RUSSIA'S ENERGY SECURITY DOCTRINE
PLATTS - Russia's President Vladimir Putin approved a new energy security doctrine Monday, which includes strengthening cooperation with foreign partners, defending Russian energy companies' legal rights abroad and access to international markets, and further developing Russia's import replacement program.
The new doctrine replaces one approved in November 2012. It reflects changes in the Russian government's energy priorities in the wake of the introduction of Western sanctions against Russia since 2014, and successful cooperation on managing oil market volatility with OPEC since 2017.
The doctrine notes that Russia plays a key role in global energy security, but is operating with many restrictions.
"Russia's full participation in guaranteeing international energy security is hampered by restrictive measures introduced by several foreign states against Russia, including on the oil and gas sectors and the power system, as well as opposition from a number of foreign states and international organizations to energy projects that are under development with Russian participation," according to a copy of the document posted on the Kremlin's website.
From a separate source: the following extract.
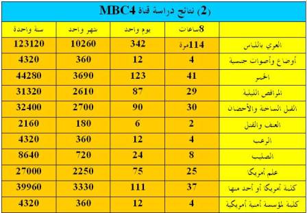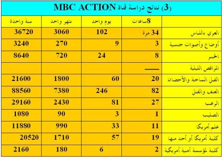 دراسة تحليلية لقنوات الـ MBC تعتبر مجموعة قنوات الـ MBC من أقوى القنوات في الفضاء الإسلامي والعربي ومن أقدمها عمراً ، لذا نرى تزايد عدد جمهورها وتفوقها على القنوات الأخرى في خبرتها الإعلامية والمهنية، وهي مع هذا التقدم الحرفي والفني أثارت ضجة واسعة حول أهدافها وطريقة تعددها وانتشارها، وكثير من هذه الآراء تعد انطباعاً عند مشاهدة عابرة ولم تبنَ على دراسة علمية واقعية، وفي هذه الدراسة أردت أن أتعرف على حقيقة هذه القنوات بأسلوب علمي وموضوعي. ففي يوم السبت 29 جمادى الآخرة عام 1428هـ الموافق 13 يوليو عام 2007م بدأت أسجل القنوات محل الدراسة لأحلل مضمونها وأدرس محتواها، فأسأل الله الإخلاص والتوفيق والعون في هذه الدراسة. نشأة تلفزيون الشرق الأوسط MBC بدأ مركز تلفزيون الشرق الأوسط MBC بث إرساله من لندن في 18 سبتمر 1991م كأول قناة عربية مستقلة مملوكة من قبل القطاع الخاص بين المحطات التلفزيونية العربية التي تبث إرسالها عبر الأقمار الصناعية ، وكان رأس مال مركز تلفزيون الشرق الأوسط عند إنشائه قرابة 300 مليون دولار، وميزانيته السنوية قرابة 60 مليون دولار. وتعد مجموعة "آرا" الدولية التي تمتلك –أيضاً- وكالة أنباء يونايتدبرس، وراديو " يبكتروم" من لندن الذي يبث باللغة العربية، وراديو " MBC FM" الموجه للجزيرة العربية، وشركة آرا للكيبل التلفزيوني؛ الشركة الأم للمركز، حيث بدأت هذه المجموعة كمركز إعلامي سعودي متخصص في الإنتاج التلفزيوني، ثم تولت التخطيط والدراسة الأولية للقناة التي استغرقت تجاربها الفنية التجريبية حوالي ثلاث سنوات، وقد كانت مجموعة "آرا" هي التي أبرمت اتفاقاً في لندن مع الشركة الأمريكية " يونايتد انترناشونال هولندج" المتخصصة في توزيع الكابل في العالم لتنفيذ خدمات الكابل في الشرق الأوسط ولتأمين وصول إشارات التلفزيون إلى كل بيت في المنطقة الشاسعة بالسعودية. ويوضح الجدول التالي توزيع ملكية مركز الشرق الأوسط على الشركات والهيئات الخاصة مجموعة تلفزيون الشرق الأوسط MBC: استطاعت مجموعة تلفزيون الشرق الأوسط MBC أن تجذب عدداً كبيراً من مشاهدي منطقة العالم الإسلامي والعربي لأسبقيتها وخبرتها وتعاقدها مع كبار الشركات المنتجة العربية والأجنبية، بالإضافة إلى حرصها على التشويق والإثارة دون اعتبار لمسلَّمات المجتمع المسلم، فلذا استقطبت كثيراً من الشباب والفتيات لإشباع رغبة كامنة في نفوسهم. تضم مجموعة mbc اليوم ست قنوات تلفزيونية هـي: mbc1 ، و mbc2 ، و mbc3 ، و mbc4 ، و MBCAction ، ومحطتـين إذاعيتين هما: mbcFM (للموسيقى الخليجية)، وبانوراما fm (للأغاني العربية الحديثة) ؛ بالإضافة إلى شركة O3 للإنتاج (وحدة الإنتاج المتخصّصة بالبرامج والأفلام الوثائقية)، وشركة "أخبار الشرق الأوسط" MEN (وكالة جمع الأخبار). كما تنبثـق عن المجموعة عدة مواقع إلكترونية رائدة على شبكة الإنترنت تتضمن: www.mbc.net ، و www.alarabiya.net، و www.alaswaq.net . فقد بدأ بث قناة MBC1 مع بدية انطلاق هذه المحطة بتاريخ 18 سبتمبر 1991م بعد انتهاء حرب تحرير الكويت وانتصار القوات المشتركة بقيادة أمريكا، وهي القناة الوحيدة من قنوات MBC عربية الأصل، فهي تبث أفلام ومسلسلات وبرامج للفنانين والممثلين العرب. في عام 1994، أطلقت المحطة الإذاعية MBC FM التي تقدمت عالماً من الموسيقى الخليجية والعربية. وفي عام 2002، انتقل مقر مركز تلفزيون الشرق الأوسط إلى دبي، الإمارات العربية المتحدة، وبالتحديد في مدينة دبي للإعلام. وعملت على توسيع نشاطاتها وتدشين محطات جديدة متخصصة في أمور معينة. في عام 2003 تم إطلاق MBC 2 التي كانت ولا تزال متخصصة في عام السينما والأفلام الأجنبية، وخصوصاً الأمريكية منها. وهي تعد الآن إحدى أشهر المحطات المجانية المتخصصة في ذلك. وفي نفس العام وتحديداً في 3 مارس 2003، أطلقت قناة العربية الفضائية وهي محطة إخبارية ، وتبث على مدار الساعة. بالإضافة إلى نشرات الأخبار، تعرض البرامج التحليلية واللقاءات مع كبار الشخصيات السياسية وغير السياسية، وكذلك البرامج الوثائقية. وقد ظهرت بعد من

Key external energy priorities include developing links through the Eurasian Economic Union, the CIS, BRICS (Brazil, Russia, India, China and South Africa), the Shanghai Cooperation Organization, the Gas Exporting Countries Forum, and OPEC.
Russia also plans to oppose discrimination against Russian energy companies on international energy markets, the document says.
Russia's domestic energy security priorities include replacing and maintaining its energy resource base, guaranteeing the production and delivery of quality energy supplies and related services, as well as regulating prices and investing in the sector. It aims to defend investors' rights and monitor foreign investment in the sector, carrying out antimonopoly regulation and defending against possible terrorist or other criminal attacks on energy infrastructure. It also aims to increase energy efficiency and limit the negative impacts of the energy sector on the environment.
"Russia supports international efforts to oppose climate change and is ready to work with all countries on this area," the document says.
Russia is prioritizing energy infrastructure development in regions including East Siberia, the Arctic, the Far East, the North Caucasus, Crimea and Kaliningrad.
The document identifies key global trends that are likely to impact energy security in the coming years, including the shift in economic growth to the Asia-Pacific region, slowing growth in global demand for energy, and changes to this demand structure, including the replacement of oil products with other fuel sources.
It further highlights growing competition among energy exporters, including as a result of new exporters entering the market, as well as changes to international regulations covering the energy sector.
Russia will also monitor the growth in LNG production and its role in international energy markets, and the formation of a global market for natural gas.
Russia sees risks from the decline in its traditional energy supply markets, and difficulties in entering new energy markets as well as the risk of conflict threatening production, transportation or consumption of Russian energy resources.
Domestic risks include Russian energy companies not responding quickly enough to new trends on international energy markets, including developing new technology and producing commercially viable hydrocarbons reserves. The document also recognizes the threat of discrimination against Russian energy companies abroad, and insufficient preparedness to respond to this as well as other political and military risks.
It also warns against poor long-term investment decisions in conditions of significant uncertainty on global energy markets and the potential impact of disruptive technologies, terrorist attacks, hacking of infrastructure and natural disasters. These could lead to loss of life, rising energy costs, declining financial sustainability in the energy sector, lower investment, a fall in payments to the state budget, and the need to divert state funds to mitigate the impact of these risks.
The Russian government will monitor energy security, manage risks, and present an annual report to the president on energy security and ways to strengthen it.